- [Your task]:
The output should hold exactly, and only, the lines from the line bearing "Chicago-based Archer Daniels" through the last line of the listing below, and no pictures.

- [Information provided]:
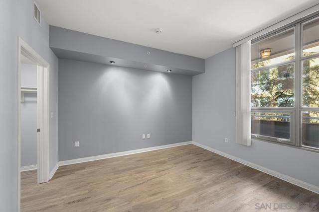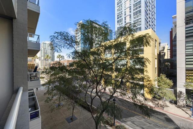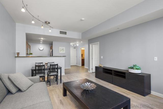 Light, space, and style define this bright and open Park Terrace residence. Oversized windows fill the living and dining area with natural light, nicely complemented by sleek track lighting and warm luxury vinyl plank flooring throughout. Step outside onto your private balcony and take in a lush, tree-lined streetscape framed by the Downtown skyline with the iconic San Diego Central Library dome as your backdrop and peek views toward Petco Park. The open-concept layout flows from the living room to a well-appointed kitchen featuring granite countertops, stainless appliances, and recessed lighting. The bedroom offers a spacious walk-in closet, and a full bath with shower/tub combo keeps things practical. An oversized dedicated parking and north-facing exposure (keeping the unit cool and comfortable year-round) seal the deal. Steps from the Gaslamp Quarter, Petco Park, and the waterfront, this is Downtown San Diego living done right Park Terrace puts you in the heart of East Village, just steps from Petco Park and the lively Gallagher Square. Surrounded by local favorites like Lestat’s on Park for coffee, Café Chloe for French-inspired dining, and Parkhouse Eatery for brunch, residents enjoy a walkable lifestyle filled with trendy cafés, restaurants, and nightlife. With ballgames, concerts, and community events right outside your door, Park Terrace offers truly prime Downtown living. Residents of Park Terrace enjoy amenities such as a well-equipped fitness center, recreation room with pool table, and an inviting community courtyard complete with lounge areas and barbecues, perfect for gatherings with friends and neighbors.
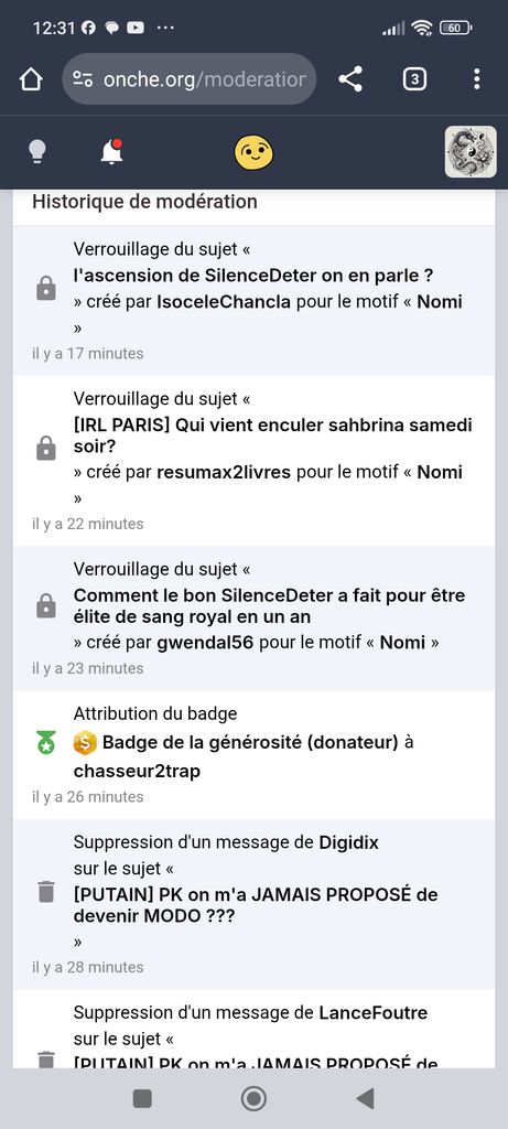 Non non non. Tu vas tout en bas consulter l'historique de modération, tu regardes le motif du blocage et tu nous dis.
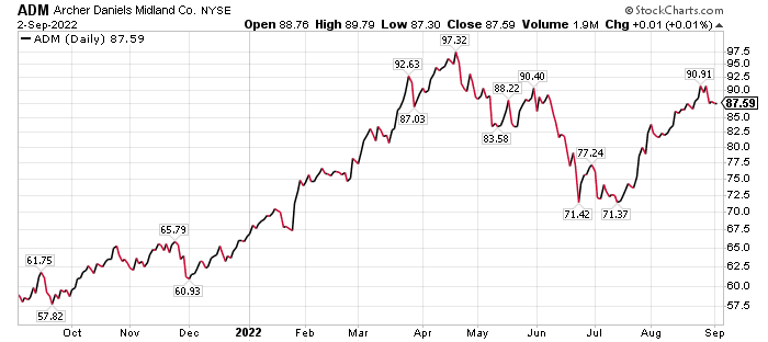 Chicago-based Archer Daniels Midland (ADM) is one of the world’s largest processors of food and beverage ingredients. The dividend-paying stock also has a smaller business focused on nutrition for animals and people.
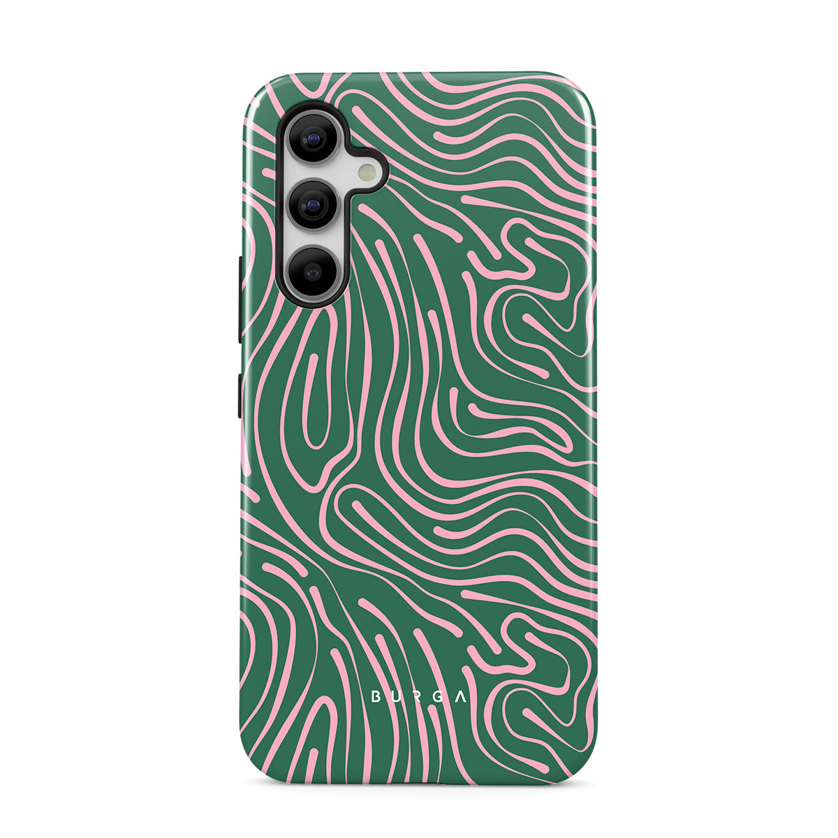 Fresh and mesmerizing, our Hawaiian Breeze Samsung Galaxy A54 phone case design combines a pastel pink wavy pattern with a crisp green background creating a refreshing look. The abstract pattern will indeed become a star in your accessorizing game, while the phone case will keep your device protected at all times!

- [Response to this exercise]:
 Chicago-based Archer Daniels Midland (ADM) is one of the world’s largest processors of food and beverage ingredients. The dividend-paying stock also has a smaller business focused on nutrition for animals and people.
 Fresh and mesmerizing, our Hawaiian Breeze Samsung Galaxy A54 phone case design combines a pastel pink wavy pattern with a crisp green background creating a refreshing look. The abstract pattern will indeed become a star in your accessorizing game, while the phone case will keep your device protected at all times!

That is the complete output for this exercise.